▶ **Exercise input**:
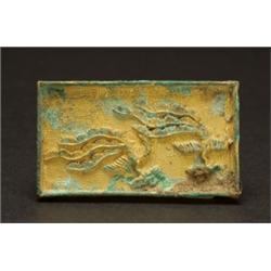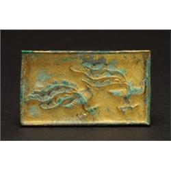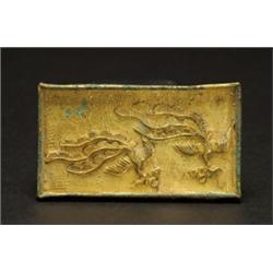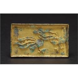 FOUR GILDED BRONZE BELT PLAQUES, each oblong plaque with shallow vertical rim showing a pair of phoenixes in low relief on a punchwork ground; with backing plates and fastening pins to the back corners, 1.5 x 2.7" - 3.8 x 6.9 cm., China, Tang Dynasty, 618-907 A.D.
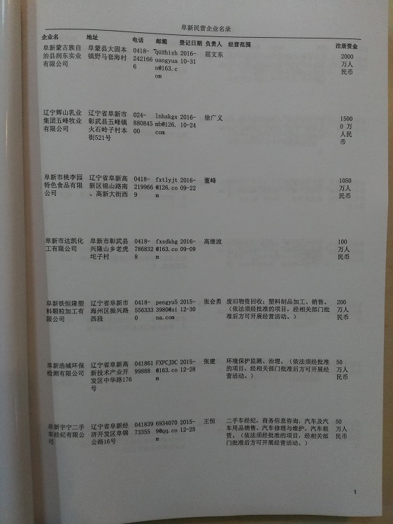 2021版最新阜新企業(yè)黃頁包括《阜新制造企業(yè)黃頁》、《阜新民營企業(yè)黃頁》,現(xiàn)優(yōu)惠價:280元/冊。每冊內(nèi)容包括:單位名稱、地址、郵編、電話、傳真、郵箱、經(jīng)營范圍等;阜新企業(yè)黃頁涵蓋了近幾年來最新成立的、有一定規(guī)模的企業(yè),具有非常高的營銷價值。有了這套黃頁開展業(yè)務也有了針對性,也省去了盲目去尋找客戶名單而浪費的時間了,工作效率也會有很大的提高。歡迎需要阜新企業(yè)黃頁的朋友及時聯(lián)系我們!
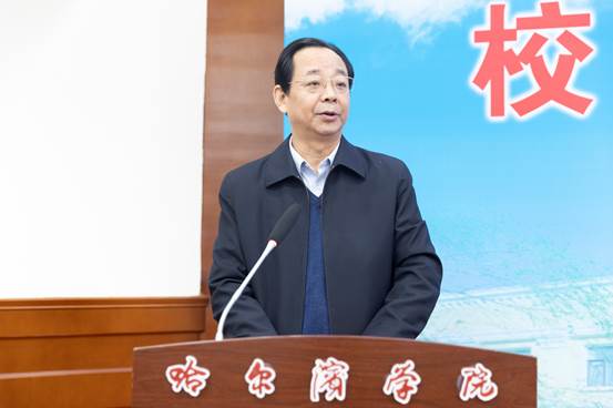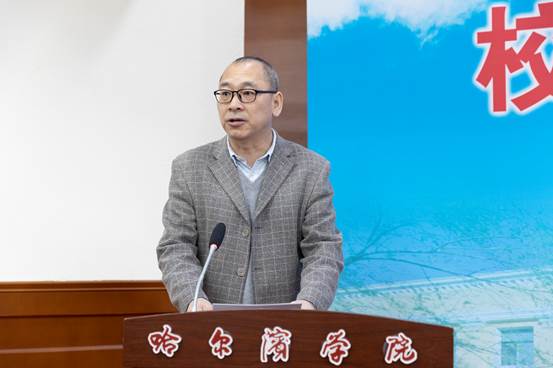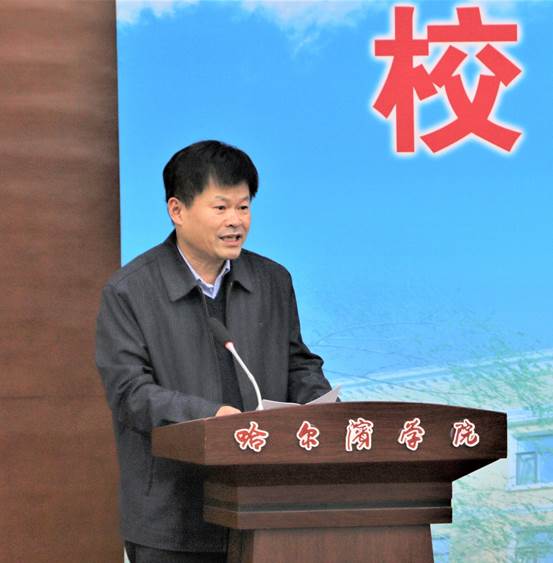 校长胡宝忠代表学校讲话,首先,对参加签约仪式的省住建厅领导、省寒地建科院领导及各位专家表示衷心的感谢;对省寒地建科院与哈尔滨学院战略合作协议的签署,黑龙江寒地绿色城区设计研究中心及中心学术委员会的成立表示热烈的祝贺!指出哈尔滨学院自2000年建校以来,紧紧围绕省、市经济和社会发展要求,秉持“融合共生,建设城市大学,培养应用型人才”的办学理念,坚持“地方性、应用型”办学定位,积极推进转型发展,努力改革创新,突出办学特色,着力提高办学层次,办学能力和办学水平。学校土木建筑工程学院立足工程一线应用型人才培养,多年来土木工程、城市地下空间工程和建筑电气与智能化等专业在寒区工程技术人才培养和科学研究方面投入了较大人力、物力,积累了一定的经验。省寒地建科院在寒区基础理论研究与工程技术服务方面处于全国领先地位,拥有冻土科学等优势技术团队;拥有博士后科研工作站、寒地建筑工程技术研究中心等科研学术创新平台。学校与省寒地建科院正式签署战略合作协议,标志着校院深度合作上迈出了关键一步,开启了双方合作发展、共建发展、互融发展的崭新篇章。本着“优势互补、资源共享、互惠双赢、共同发展、服务地方经济”的原则,校院双方将共建综合素质高、实践经验丰富的师资队伍,搭建科研平台,共建研究中心。我们相信,通过校院的真诚合作,共同努力,一定能实现优势互补,达到“双赢”。一定能把研究中心建设成为特色鲜明、质量一流的高水平人才培养基地,为我省市经济社会发展做出新的更大贡献。
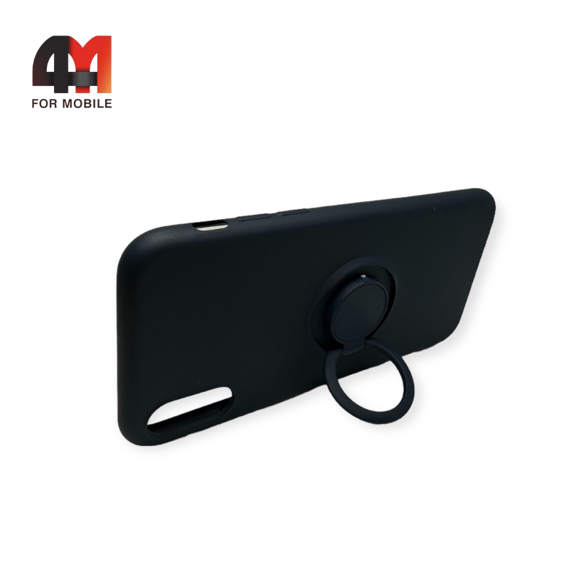 Чехол Iphone X/Xs силиконовый с кольцом, черного цвета
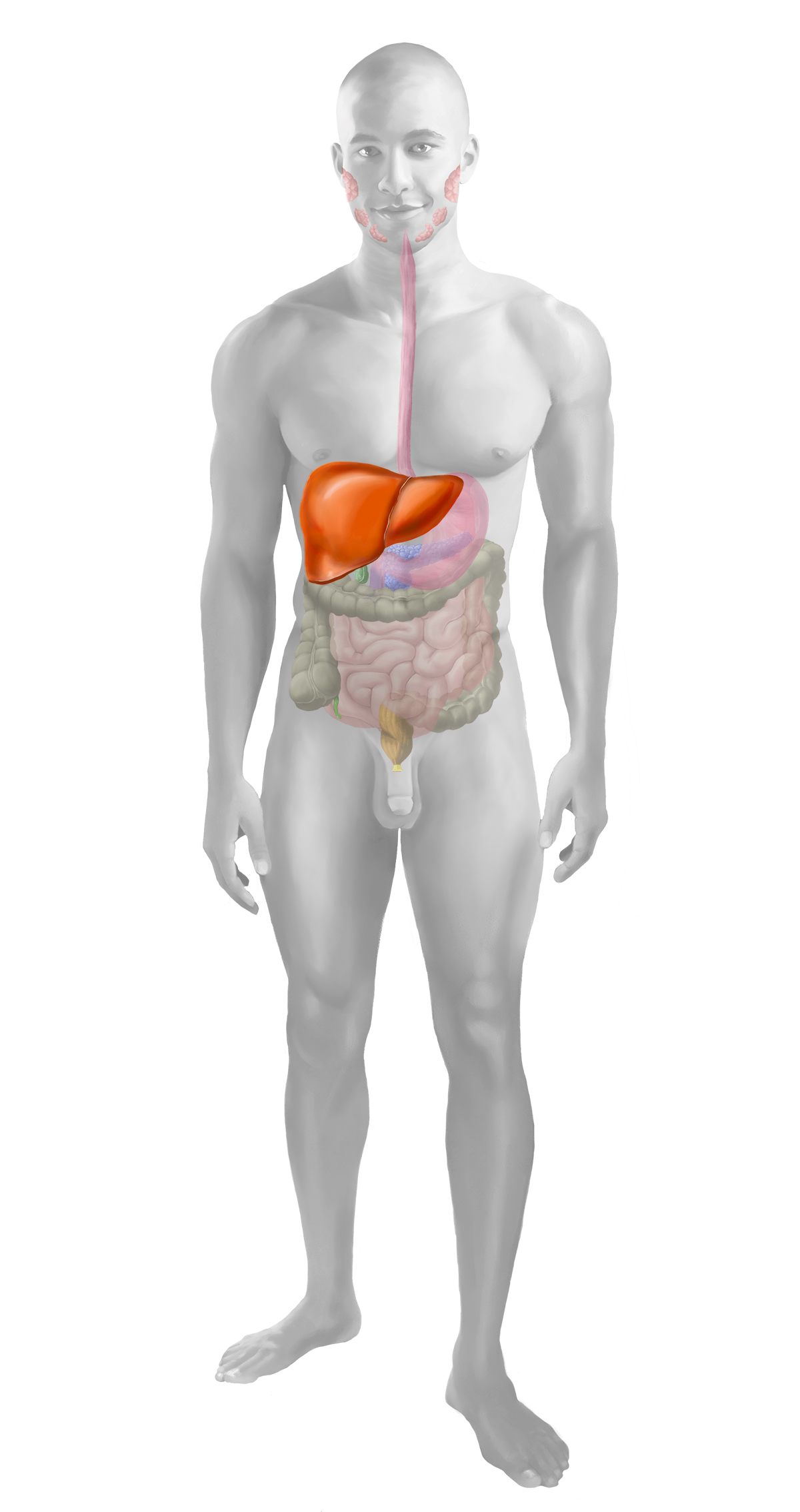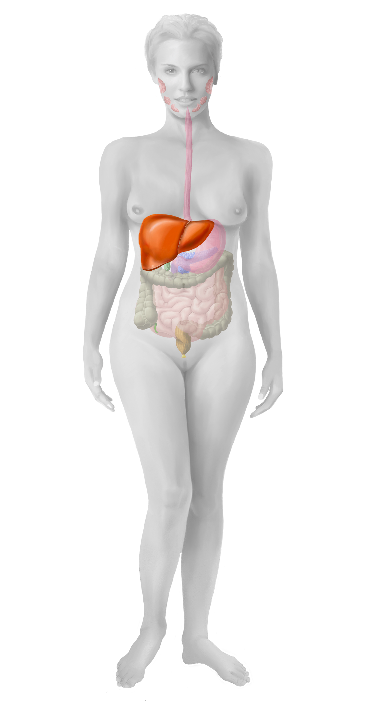 Die Leber ist das wichtigste Stoffwechselorgan, dessen grösster Teil im rechten Oberbauch direkt unter dem Zwerchfell und unter dem rechten Rippenbogen liegt. Sie besteht aus einem grossen rechten Lappen und einem kleineren linken Lappen und besteht aus Milliarden von Leberzellen (Hepatozyten). Die Leber erfüllt viele lebenswichtige Aufgaben: Sie ist gleichzeitig Entgiftungszentrale, Stoffwechselorgan, Speicherorgan und Produktionsstätte zahlreicher Stoffe. Ausserdem ist die Leber am Hormonhaushalt und an der Immunabwehr beteiligt. Als Entgiftungsorgan verhindert sie, dass Schadstoffe aus der Nahrung in den Körperkreislauf gelangen. Schädliche Substanzen und andere Stoffe im Blut wie Medikamente werden in der Leber abgefangen und in den Leberzellen "entgiftet", das heisst zu unschädlichen Stoffen umgewandelt. Alles was sie nicht verwerten kann, gibt sie als Abfallstoffe an die Nieren weiter zur Ausscheidung über den Urin. Als Stoffwechselorgan ist die Leber an nahezu allen Stoffwechselvorgängen im Körper beteiligt. Sie nimmt über den Blutkreislauf Nährstoffe aus dem Darm auf, baut sie um und speichert sie ab. Insbesondere Zucker (als Glykogen), Vitamine und Eisen werden in der Leber gespeichert, die sie bei Bedarf wieder freigibt. Wird zu viel gegessen und sind die Glykogenspeicher voll, wird der überschüssige Zucker in Fett umgewandelt und als Fettpolster gespeichert. Die Leber ist aber auch Produktionsstätte vieler lebenswichtiger Stoffe. In den Leberzellen werden unter anderem Cholesterin, Zucker, Eiweisse und Enzyme der Blutgerinnung gebildet. Ausserdem produziert die Leber die Galle, die in der Gallenblase zwischengespeichert wird und von dort portionsweise über den Gallengang in den Zwölffingerdarm gelangt. Die Galle erleichtert die Fettverdauung. Bekanntlich wird auch Alkohol in der Leber abgebaut. Kleinere Mengen werden von ihr problemlos bewältigt. Bei grösseren Mengen, vor allem über längeren Zeitraum, werden die Leberzellen jedoch irreparabel geschädigt (Leberzirrhose).
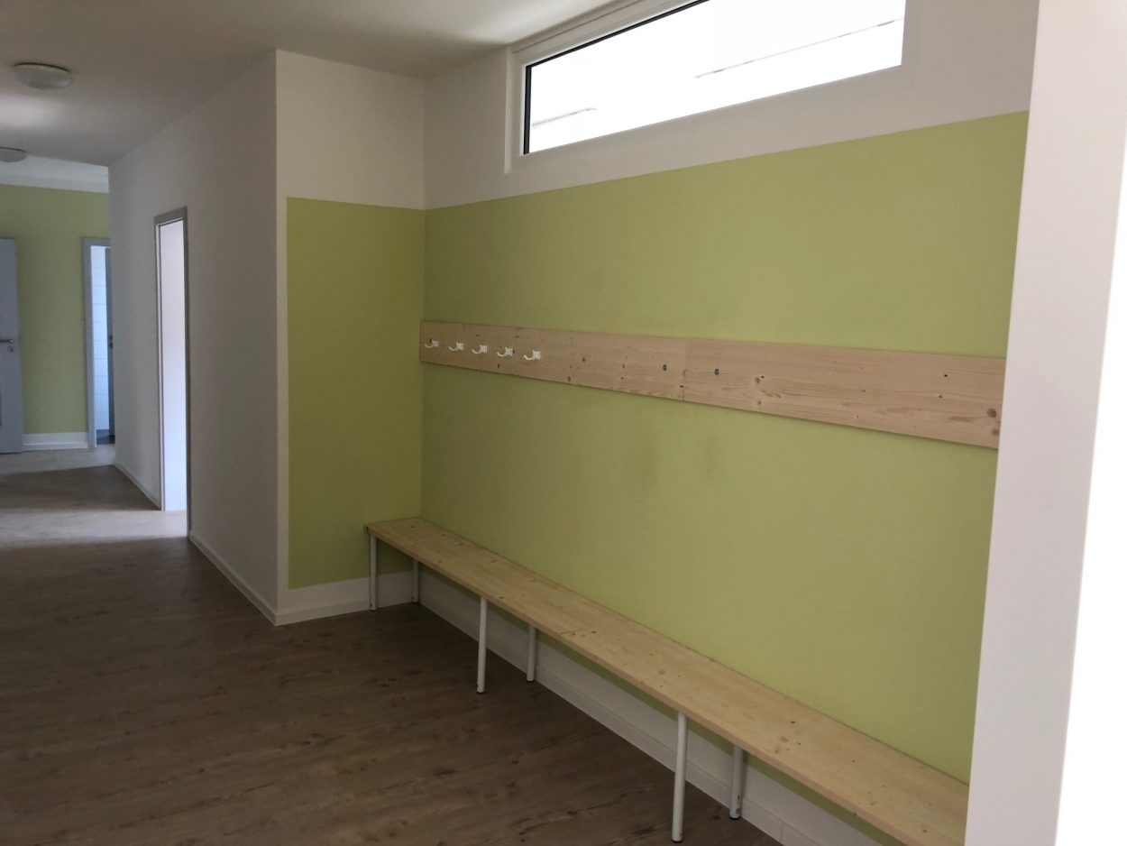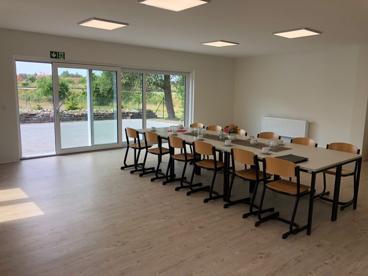 Die alte Baracke 1 im ÖSW wurde in 3monatiger Bauzeit komplett saniert. Der ehemalige Veranstaltungsraum ist nun mehr als doppelt so groß, hell und freundlich gestaltet und lädt die Besucher des „Ökologischen Schulortes Wismar“ zu außerschulischem Unterricht und thematischen Veranstaltungen rund um die Themenwelt Natur, Ökologie und Umwelt ein. Das Gebäude erhielt neue und zusätzliche Fenster, eine riesige Außenterrasse verbunden durch lichtdurchflutete Schiebeelemente, moderne Büros für die Einrichtungsleiterin und die Anleiter, komplett neue Sanitäranlagen für Personal, Gäste und Kinder sowie einen hellen, einladenden Eingangsbereich. Neue Fußböden und Decken, moderne Lampen, eine Kindergarderobe und in Kürze eine Kinderlernküche vervollständigen die neue Einrichtung.
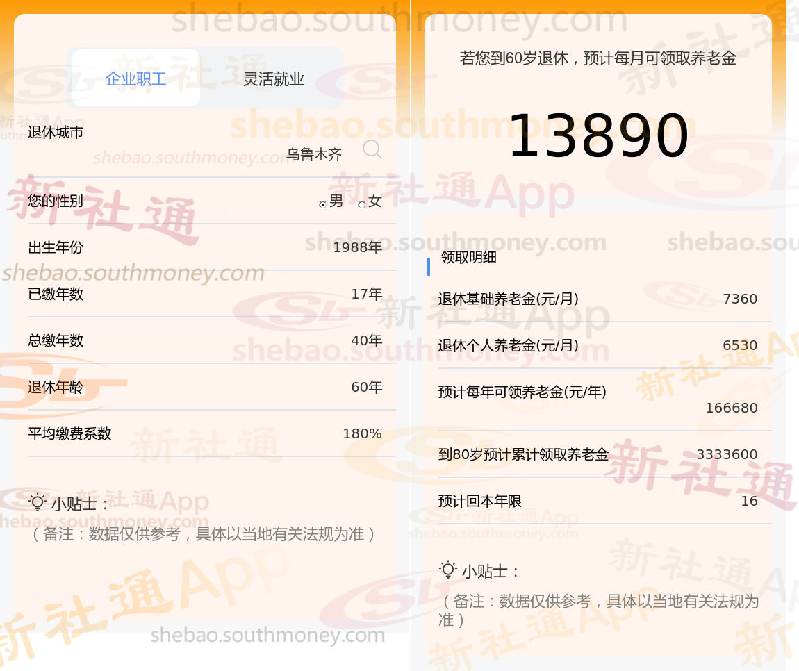 通过新社通APP-养老金计算所得:退休城市、出生年份、退休年龄、缴费系数都相同的情况下,社保缴费年限累计40年时,计算如下:
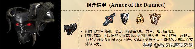 诅咒铠甲:攻防+3;力量和知识+2;战斗开始后释放迟缓、恶咒、虚弱和大难临头,持续50回合。

▶ **Work item**:
Print exactly the first line of the entries and every line after it through the one that contains "2021版最新阜新企業(yè", leaving the pictures out.

▶ **Reply to the task**:
 FOUR GILDED BRONZE BELT PLAQUES, each oblong plaque with shallow vertical rim showing a pair of phoenixes in low relief on a punchwork ground; with backing plates and fastening pins to the back corners, 1.5 x 2.7" - 3.8 x 6.9 cm., China, Tang Dynasty, 618-907 A.D.
 2021版最新阜新企業(yè)黃頁包括《阜新制造企業(yè)黃頁》、《阜新民營企業(yè)黃頁》,現(xiàn)優(yōu)惠價:280元/冊。每冊內(nèi)容包括:單位名稱、地址、郵編、電話、傳真、郵箱、經(jīng)營范圍等;阜新企業(yè)黃頁涵蓋了近幾年來最新成立的、有一定規(guī)模的企業(yè),具有非常高的營銷價值。有了這套黃頁開展業(yè)務也有了針對性,也省去了盲目去尋找客戶名單而浪費的時間了,工作效率也會有很大的提高。歡迎需要阜新企業(yè)黃頁的朋友及時聯(lián)系我們!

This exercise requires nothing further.